Problem to work on:
From the line containing "От каждого существительного" through the last line of the listing, output each line exactly as it stands. Omit pictures.

________________________________________

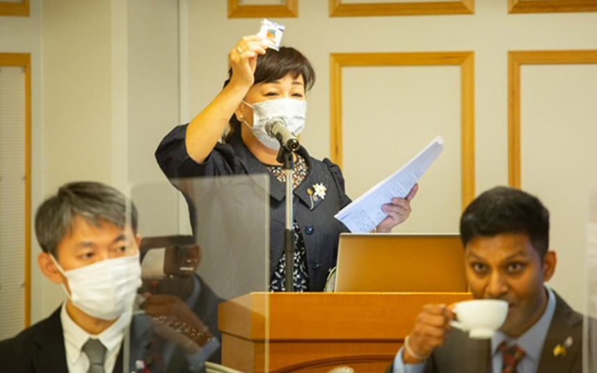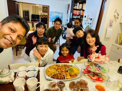 女性会員と助っ人メンズ会員で集まって、あしきたまちの子ども園の園児さんに折り紙などでクリスマスプレゼントを作りました。スチッタ会長より美味しいスリランカカレーの差し入れを頂きました。感謝の気持ちを込めて、1口スマイル致します。
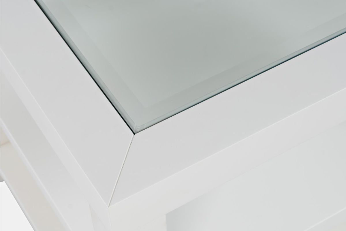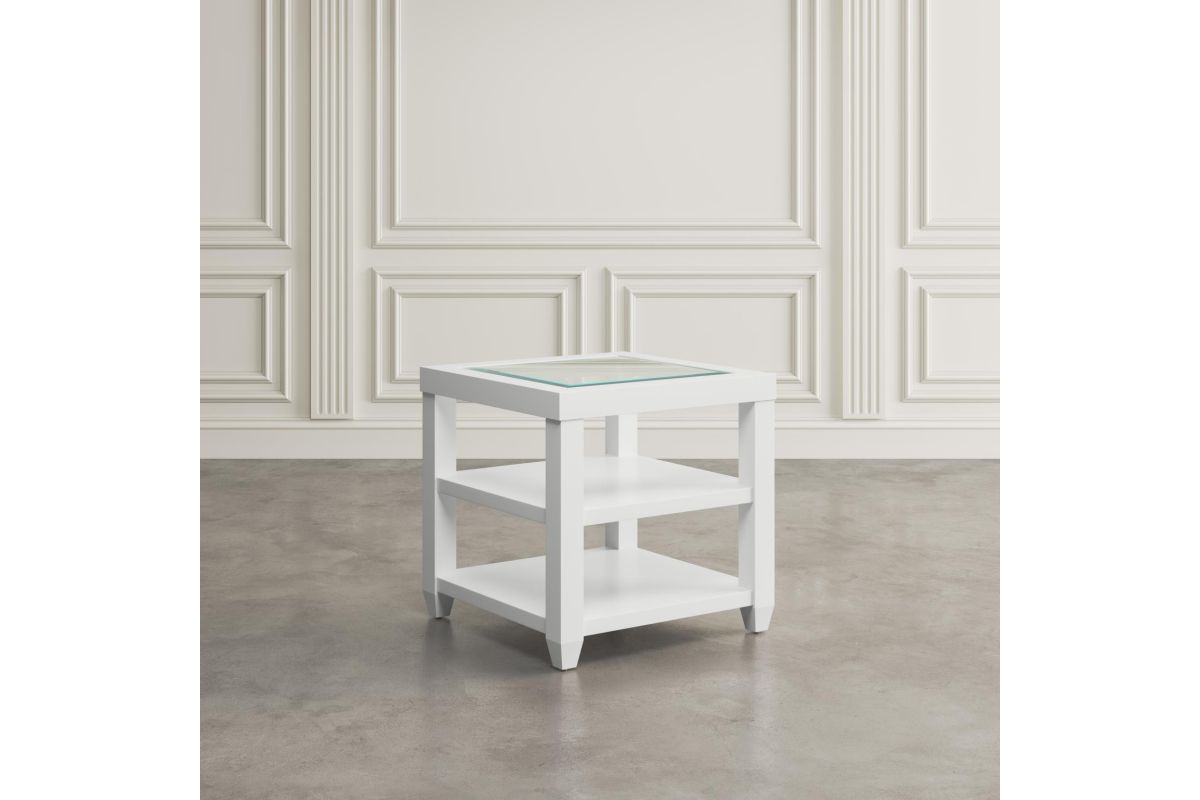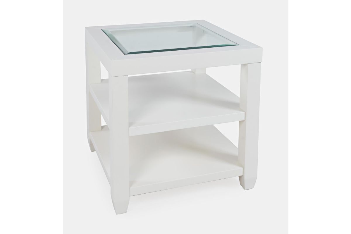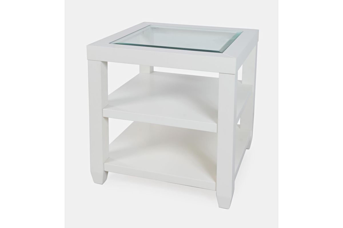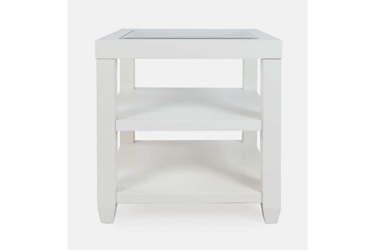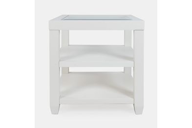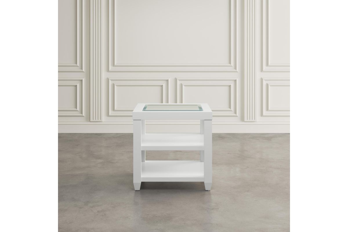 Urban Icon is a collection that combines modern accents with traditional looks and tempered glass tabletop inserts. This end table features two shelves for open storage or display.
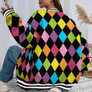 Women Baseball Jacket Colorful Rhombus Pattern Hoodie | Party Casual Geometric Print Long Sleeve T-shirt, Plus Size, V-neck, Flared Hem, Double Button Details
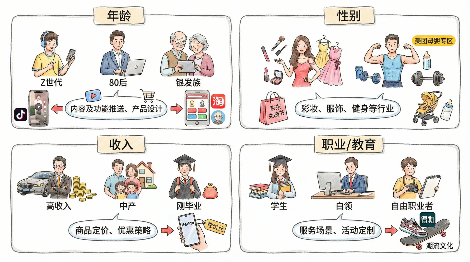 人口统计变量是市场细分最经典的手法,尤其适合大众消费品和主流平台。中国线上市场人口细分常用变量如下:
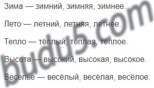 От каждого существительного образуй прилагательные всех трёх родов.
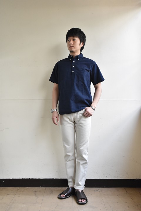 【SERO(セロ) ボタンダウン半袖シャツ シアサッカー】

________________________________________

Answer for the task:
 От каждого существительного образуй прилагательные всех трёх родов.
 【SERO(セロ) ボタンダウン半袖シャツ シアサッカー】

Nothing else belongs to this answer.